Is it possible to explode a grenade with a shot?
It is known that the character in Quentin Tarantino's film is simpler than an ordinary person, and is a leather bag filled with blood under slight pressure. In a similar way, action movie directors simplify the internal structure of any ammunition: in their version, a hand grenade or mine is simply an explosive in a thin metal casing.
Therefore, a shot at a grenade or mine leads to a spectacular explosion in which all the main villains are burned. This happened, for example, in the seventh film of the endless Fast and the Furious saga, when Vin Diesel put a bag of hand grenades into a helicopter with bad guys, and then shot into this bag. Everything disappeared in a hot orange cloud. Don’t keep grenades at home, as the director tells us: one stray bullet, and the house will be left untouched.
In fact, a modern grenade is a little more complicated: it has a whole chain of devices, the main task of which is to make sure that everything explodes when needed, and if it is hand-held ammunition, then it will definitely have a mechanism that ensures a delayed detonation.

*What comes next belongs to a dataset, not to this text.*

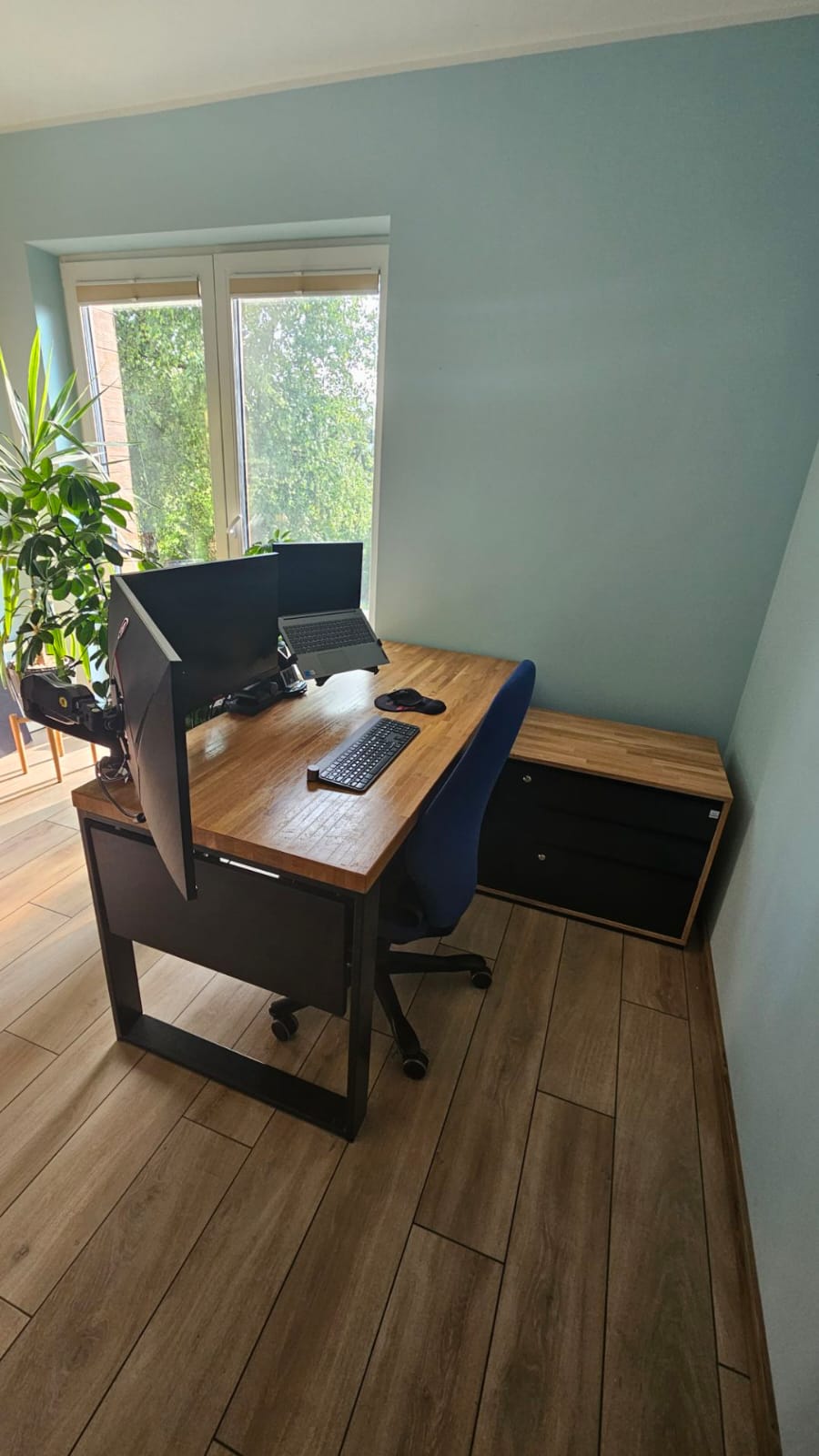 6. funktionalität – Diese Anforderung wurde mit einem vielseitigen Sockel erfüllt, dessen Möglichkeiten sich nicht nur auf die Schubladen beschränken. Der Sockel ist zusätzlich mit Platz für einen Desktop-Computer oder eine Tasche ausgestattet. Darüber hinaus ist es möglich, z. B. ein Notebook zwischen dem Sockel und der Tischplatte zu befestigen.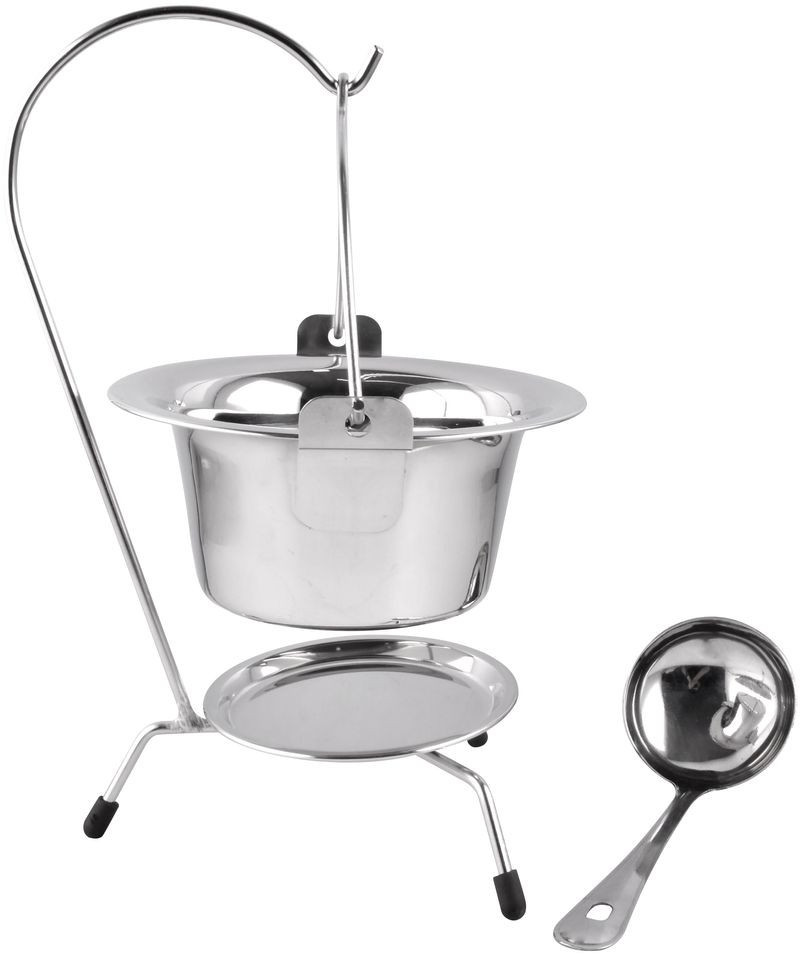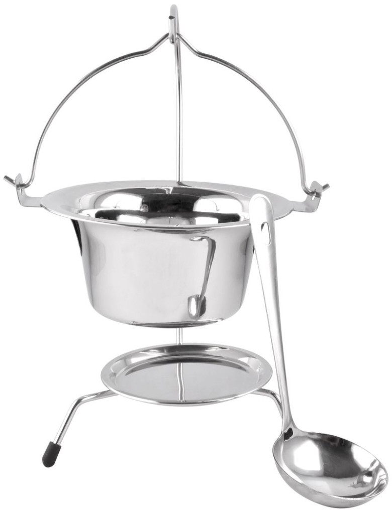 • Teljes szettben érkezik: tál, állvány és merőkanál – csak az étel hiányzik

You pull the pin and release the staple. The pre-cocked spring is triggered and breaks the fragile primer - but this is not yet the explosion of a grenade. When ignited, the contents of the capsule only ignite the ignition tube, which smolders for several seconds. Finally, the spark reaches the detonator (a small container of detonating liquid), which explodes when heated. This (small) explosion is followed by a big one - this is the detonation of composition B. This is what everything was started for.
It would seem like a great idea to bypass all these preparations and simply shoot the grenade, transferring the kinetic energy of the bullet directly to composition B. The only problem is that composition B (a mixture of hexogen and trinitrotoluene) is specially designed to resist detonation from a slight shock, heating... even from a shot from a hand-held small weapon. This is a useful property for a liquid that is used as an initiating charge in an atomic bomb - namely, composition B was used in the first American bombs, in particular the Fat Man that fell on Nagasaki. Trinitrotoluene is especially resistant: it was made so that it would not explode in vain from shots from small-caliber weapons. In fact, such a shot is more likely to render the grenade unusable than to cause it to explode. It's hard to believe, but here's the video to prove it:
Therefore, law enforcement officers can shoot at armed terrorists - provided, of course, that the latter are armed not with homemade bombs and pure TNT, but with factory-standardized ammunition.
Everything described above does not mean, of course, that shooting at mines and grenades is safe entertainment. There is always a chance that a shot will break the primer or hit the detonator directly. Moreover, based on all of the above, you should not experiment with sawing or welding projectiles. We just wanted to say that being Vin Diesel's character in real life is not so easy.